Figure 5

Overview of the model. The hyperosmotic stress signal is represented as the change in the difference between intracellular and extracellular osmotic pressures (i.e.S(t) = (Π _i ⁰ − Π _e ⁰) − [Π _i (t) − Π _e (t)]; Π _i ⁰: initial intracellular osmolarity, Π _e ⁰: initial extracellular osmolarity, Π _i (t): current intracellular osmolarity, Π _e (t) current extracellular osmolarity). Thus, the initial signal is equivalent to the increase in osmolarity caused by the extracellular NaCl. Upon an increase in extracellular osmolarity, the signal becomes positive and activates an intermediate kinase (v₁) and then Hog1 (v₃), both of which are balanced by dephosphorylation activities (v₂, and v₄ respectively, associated kinetic parameters are constant). Once activated, Hog1 induces the activity of glycerol production machinery (GPM) (v₅) which produces glycerol.

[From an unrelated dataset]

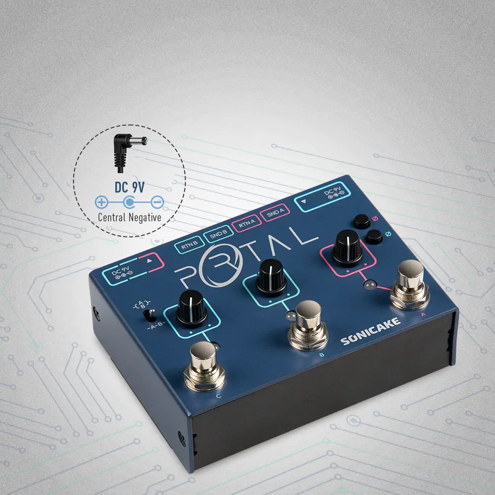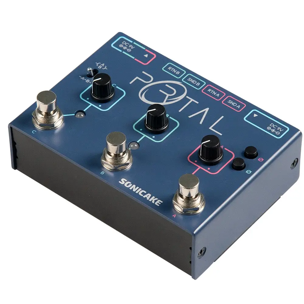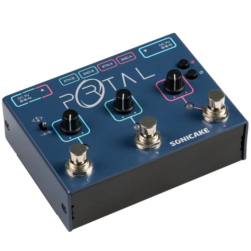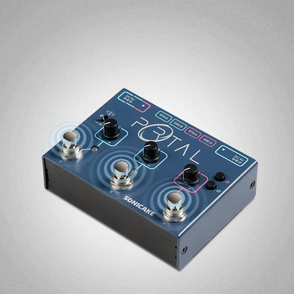 Portal is an active signal mixer with two working modes: parallel and series. In parallel mode, the signal mixer has two send/return loops and one main output, which can combine three independent inputs into one, or can be used as an active ABY as needed. In series mode, A and B are series channels. When the A/B switch is closed, channel A or B is bypassed. When all three switches are closed, it is true bypass.

Intracellular glycerol passively diffuses out of the cell through an aquaglyceroporin (AGP), driven by the concentration gradient across cell membrane (v₆). Hyperosmotic shock triggers rapid closure of the aquaglyceroporin to retain glycerol, while a hypoosmotic condition causes the aquaglyceroporin to open to a higher degree than that of the steady-state (v₆) and triggers a rapid decrease in the glycerol biosynthesis rate (v₇). In both C. albicans and S. cerevisiae, increased intracellular glycerol concentration elevates the intracellular osmotic pressure and eventually attenuates the signal, indicating adaptation to the new condition.